Strengthening of Mg-based long-period stacking ordered (LPSO) phase with deformation kink bands

The mechanical properties of the Mg-based LPSO-phase are expected to be strongly affected by the microstructure due to its anisotropic crystal structure. However, the fine details have not been sufficiently understood yet. This study first clarified the detailed microstructural factors that govern the strength of the LPSO-phase by examining alloys with microstructures that were significantly varied via directional solidification and extrusion processes. Refining the microstructure is significantly effective for strengthening LPSO-phase alloys. The yield stress of LPSO-phase alloys with random texture was previously reported to be increased by reducing the length of plate-like LPSO-phase grains. In addition, it was found in this study that the formation stress in the deformation kink band, which is a unique deformation mode in an LPSO-phase alloy, can be increased by decreasing the thickness of the grains. Furthermore, the study used directionally solidified crystals provided direct evidence that the introduction of the deformation kink band effectively increases the yield stress and work-hardening rate of alloys by hindering the motion of basal dislocations.
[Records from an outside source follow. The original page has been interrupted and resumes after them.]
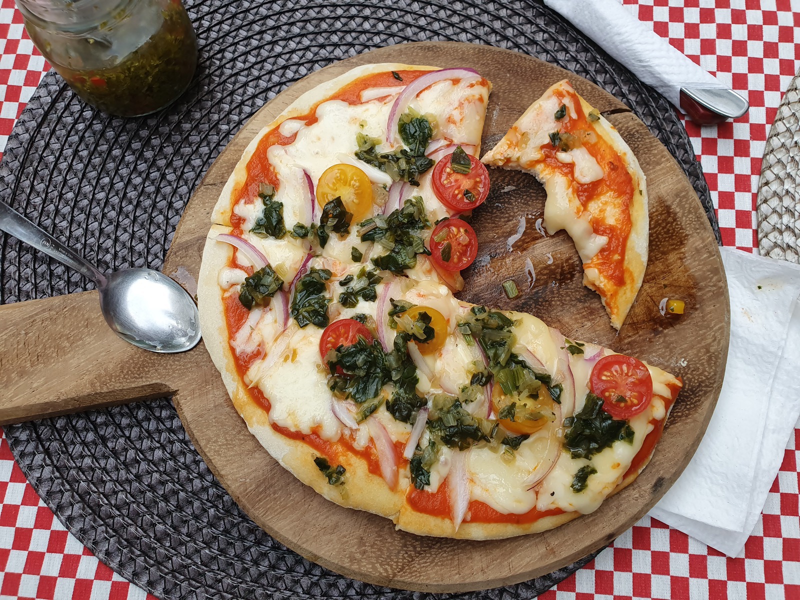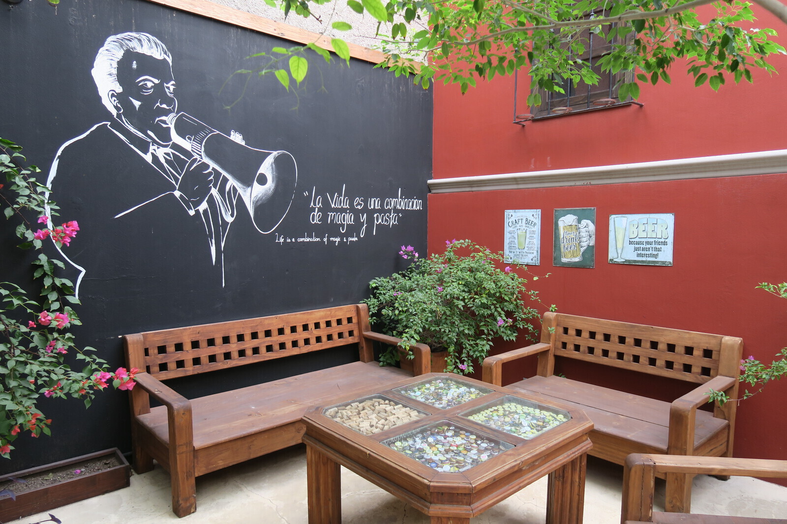 Seit dem Frühstück haben wir nichts gegessen und bei uns beiden macht sich schon der Hunger bemerkbar. Daher suchen wir uns ein Lokal in der Nähe, ohne allzu wählerisch zu sein. Es gibt hausgemachte Pasta und Pizza, wieder eine willkommene Abwechslung. Wir bestellen unsere erste Pizza in Mexiko. Nicht wirklich italienisch, aber trotzdem sehr gut. Hannes findet besonders die öligen Salsas, die wir dazubekommen, sehr lecker.
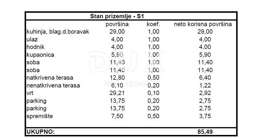 A modern apartment with a garden under construction in the Skročini area of Zadar is for sale. The apartment with a living area of 75.70 m2 is located on the ground floor of a smaller residential building with eight units. It consists of two bedrooms, living room, kitchen and dining room, hallway and bathroom. The apartment has one covered and one uncovered terrace, a garden of 29.21 m2, a storage room in the basement, and two outdoor parking spaces. The total useful value of the area of the apartment together with all accessories is 85.49 m2. The apartment is air-conditioned, and high-quality materials were used in the construction, such as thermal insulation on the facade, 10 cm styrofoam. Parquet and ceramic tiles were used for the floor coverings, and the joinery is PVC. The planned construction completion date is 2025. Nearby there are all the necessary facilities for everyday life, such as shops, schools, kindergartens or shopping centers. The city center is a 30-minute walk away, and the nearest and oldest city beach, Marex, is a 20-minute walk away. Zadar is the urban center of Northern Dalmatia, which, due to its favorable position in the central part of the Adriatic coast, is becoming the most visited tourist destination in Dalmatia. In addition to numerous attractions and rich content, Zadar is located near various National Parks such as Kornati and picturesque towns on the Adriatic coast such as Nin, Biograd na Moru and others.
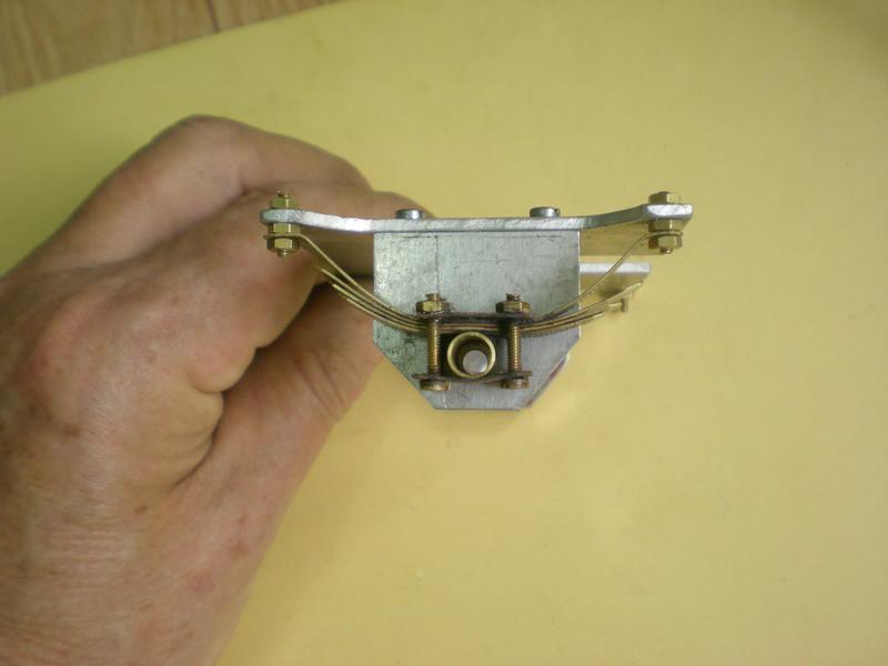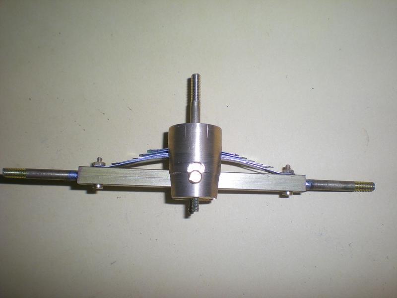 Les lames de ressort sont simplement découpées dans de la tôle de 0.3 d'épaisseur. La prolongation de l'axe du pivot facilitera leur montage (trou central dans les lames) et les empêchera de glisser par la suite. Ce montage fonctionne parfaitement et notre essieu sera capable d'absorber les différences de niveau ... |
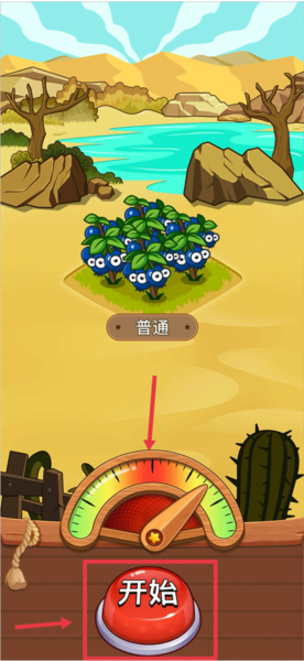 3、等探索到作物之后,需要抓捕它才能拿到。当下方的指针移动到红色区域时,快速点击“开始”按钮就行。
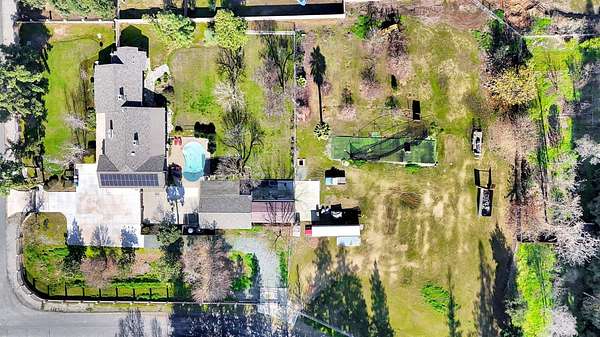 Country living meets city convenience! Discover this extraordinary 4-bedroom, 3-bath estate situated on a sprawling 2.47-acre lot where no expense was spared. With over 3,600 sq. ft. of living space, this home offers an exceptional layout designed for both comfort and entertainment. Upon arriving through the custom $138,000 wrought iron gated entrance, your lead down a newer concrete driveway to a spacious 3-car garage. Inside you will find an extraordinary chef's kitchen featuring a Thermador 36' range and built in refrigerator. An additional oven, built in microwave, warming drawer, 2 refrigerator drawers and a Miele Cappuccino maker. This kitchen is designed for those who truly enjoy entertaining. Inside the large living room your greeted with an abundance of light through the plantation shutters as well as the custom stone fireplace. Wood floors lead you to the spacious four bedrooms and main bathroom. The primary bedroom offers an expansive space with its own mini split system, as well as French doors to the rear yard. Step into the spa like primary bathroom that offers his and hers vanities and closets, jetted tub, and a large walk-in shower with dual shower heads as well as a rain shower head. The butler's pantry / laundry room offers additional storage, dishwasher, built in microwave, and room for an additional refrigerator along with another bathroom and walk in shower. Two tankless water heaters provide endless hot water, not to mention the owned solar system Step outside to your own private oasis featuring a large mancave / pool house with overhead door and built in bar, in ground swimming pool, mature landscaping, with addition space to create whatever your imagination desires. The rear area of the property can be accessed by its own automatic gate as well as offering a large covered rv storage area off the mancave.
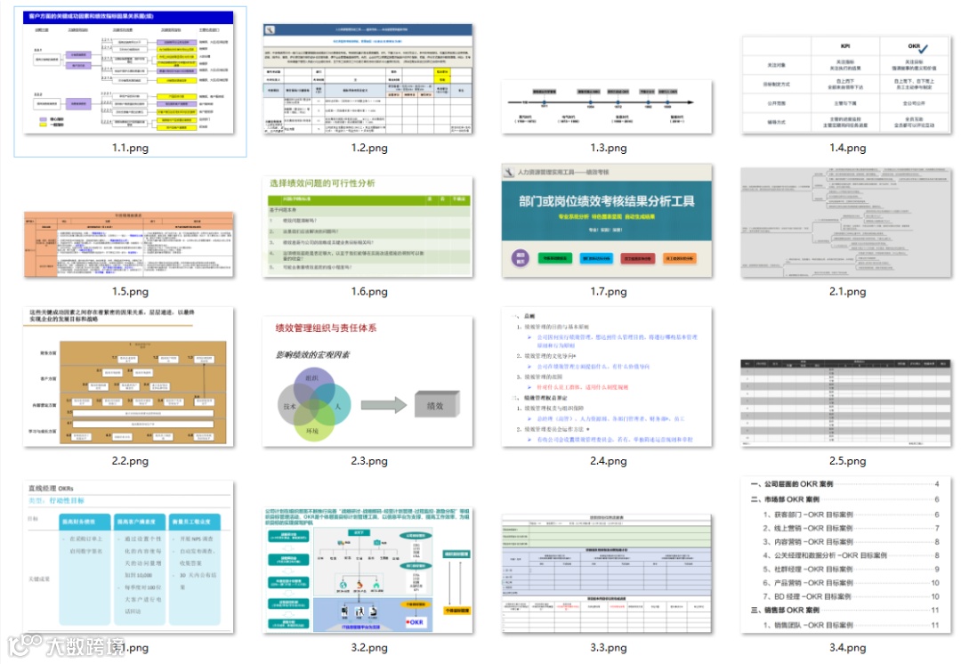 绩效管理的全流程资料,包括绩效管理制度、绩效指标与绩效考核、绩效面谈与绩效运用。附赠内容还包括OKR专辑和大量的实用绩效表单。
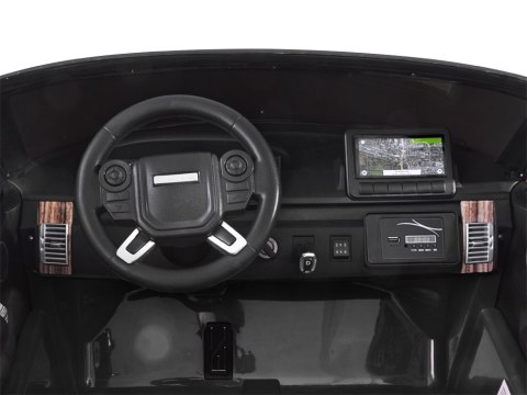 Range Rover dwuosobowy samochód dla dzieci na pilota 2,4Ghz. Duży, przestronny komfortowy suv pomieści dwójkę dzieci. Samochód został wyposażony w dwa osobne pasy, fotel pokryty eko skórą, otwierane drzwi, odpalanie z kluczyka. Atutem pojazdu jest napęd na 4 koła i wolny start. Auto wyposażone jest w 4 mocne silniki 12V 45W + 2 x akumulator żelowy 12V7AH + kluczyk, pilot 2,4Ghz dla rodzica.
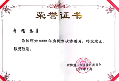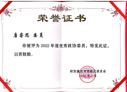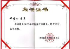 李福、唐睿思、邓明珠三位委员在2022年度履职工作中成绩突出,被区政协评为“2022年度优秀政协委员”。
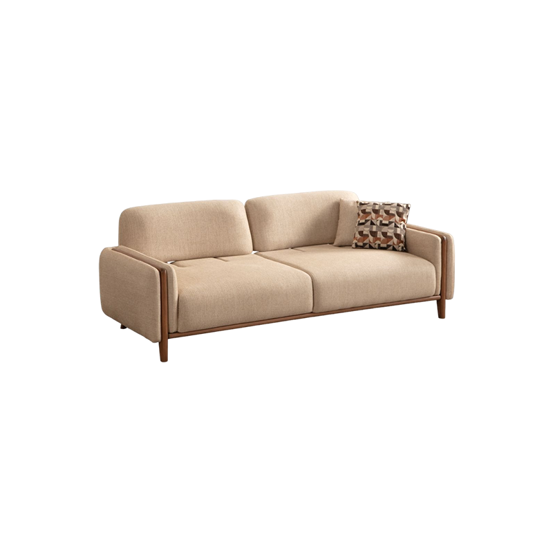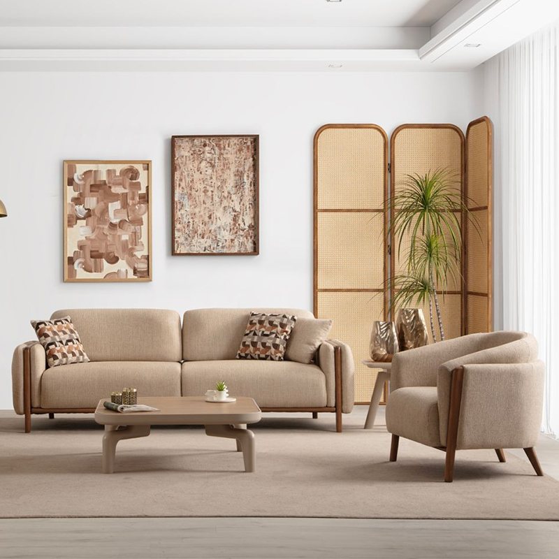 Desc.: Solid Wood Upholstered Lounge Brown Linen Fabric Boston Sofa Set
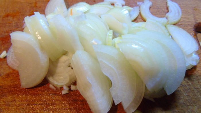 Лук нарезаем полукольцами.
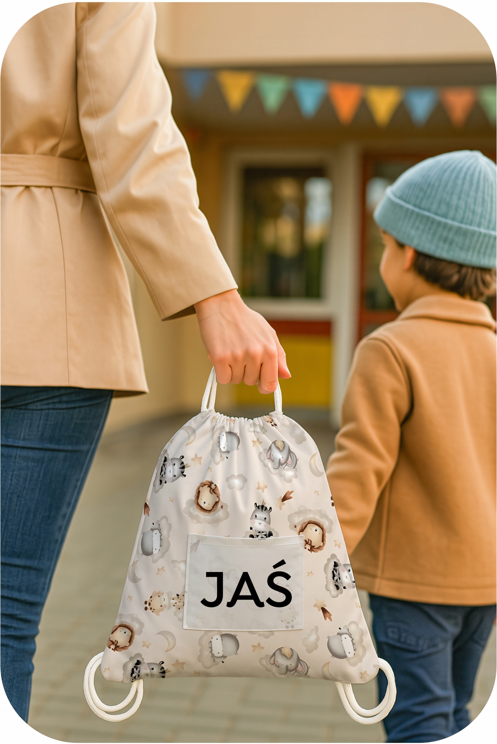 Сумка имеет размер 50x60 см , благодаря которому он может легко установить целый набор детских постельных принадлежностей с подушкой. Это также будет работать как сумка для одежды, пижамы или других вещей для детского сада. Он легкий, но очень прочный - создан для ежедневного использования. является незаменимым элементом детского сада или детского сада.
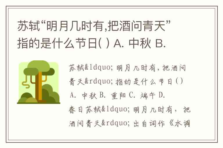 苏轼“明月几时有,把酒问青天”指的是什么节日( ) A. 中秋 B. 重阳 C. 端午 D. 春日
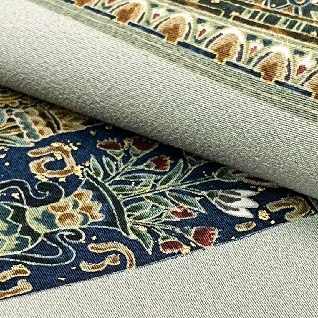 根岸色の縮緬に染めの壁画風の柄裄がデザインされた素敵なお品でございます。
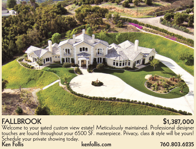 FALLBROOK $1,387,000 Welcome to your gated custom view estate! Meticulously maintained. Professional designer touches are found throughout your 6500 SF. masterpiece. Privacy, class & style will be yours! Schedule your private showing today. Ken Follis kenfollis.com 760.803.6235
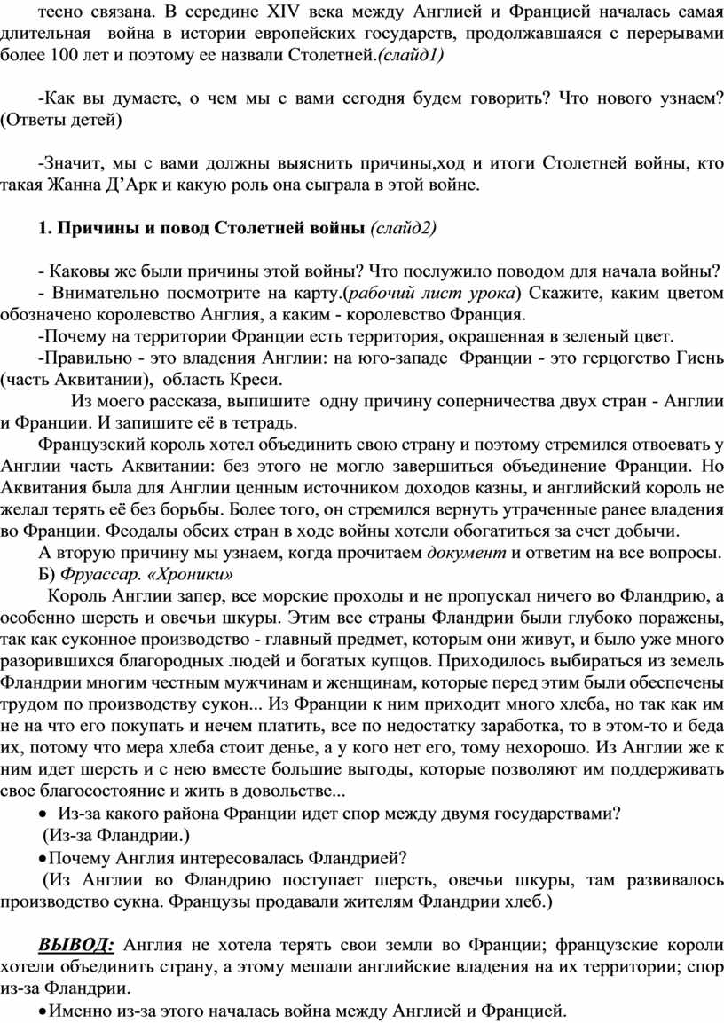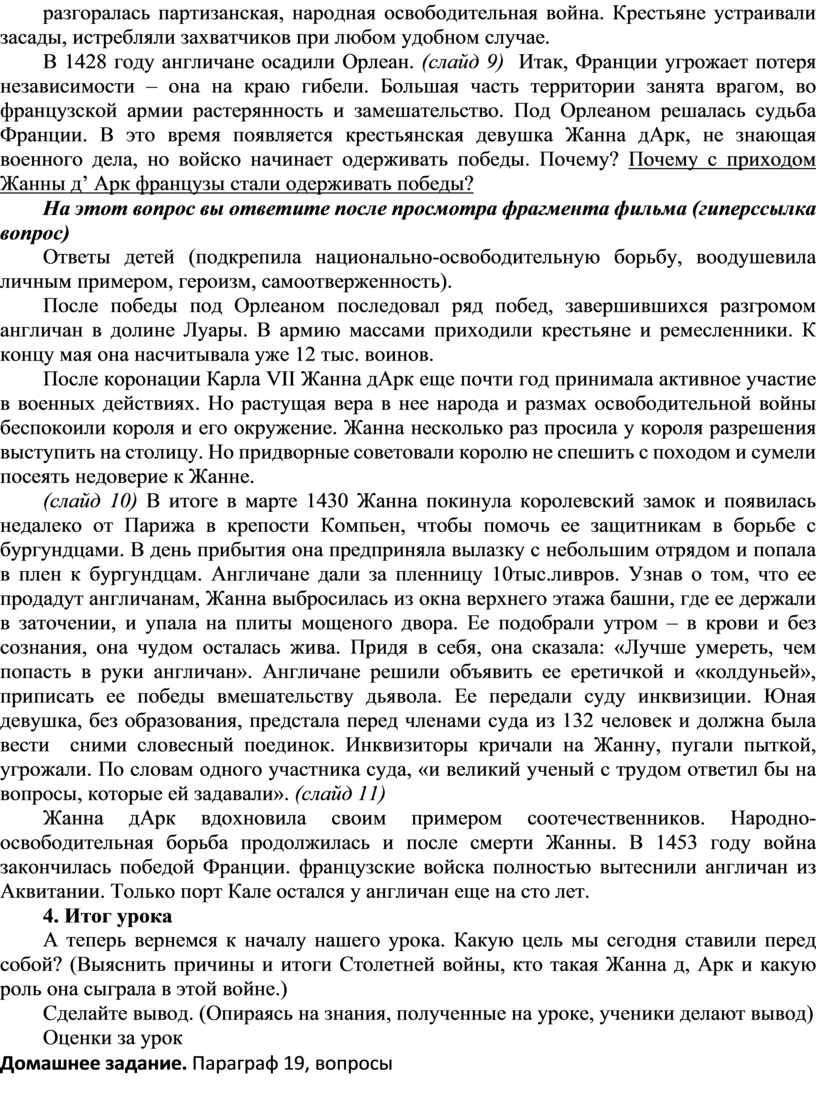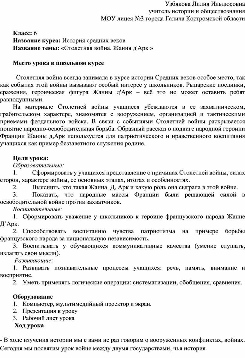 На материале Столетней войны учащиеся убеждаются в ее захватническом, грабительском характере, знакомятся с вооружением, организацией и тактическими приемами феодального войска. В связи с событиями Столетней войны раскрывается понятие народно-освободительная борьба. Образный рассказ о подвиге народной героини Франции Жанны д,Арк используется для патриотического и нравственного воспитания учащихся как пример беззаветного служения родине.
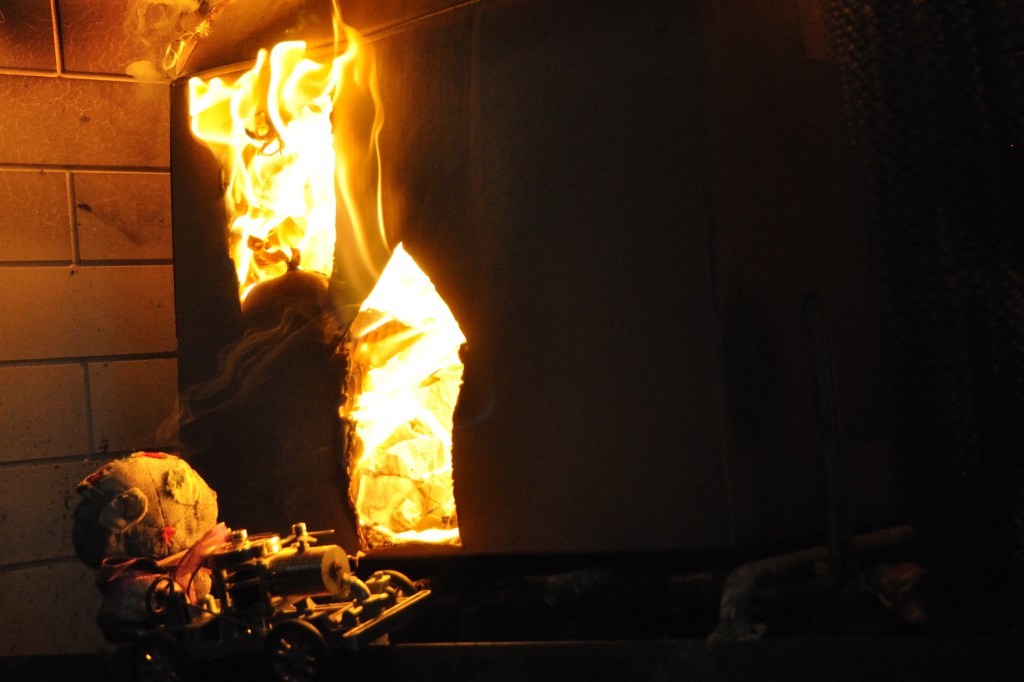 Meow stayed away from the fire. “I mustn’t go and watch the fire,” thought Meow, “because if QT saw me he might remember my scarf and try to save it, when he shouldn’t.”

This kink-band strengthening was found to have considerable temperature dependence. The strengthening is significant at or below 200 degrees C, but the effect gradually decreases above 300 degrees C and is accompanied by the operation of non-basal slip. The results quantitatively clarified that kink-band strengthening is one predominant reason why the LPSO-phase extruded alloy exhibits an unusually high yield stress at any loading orientation.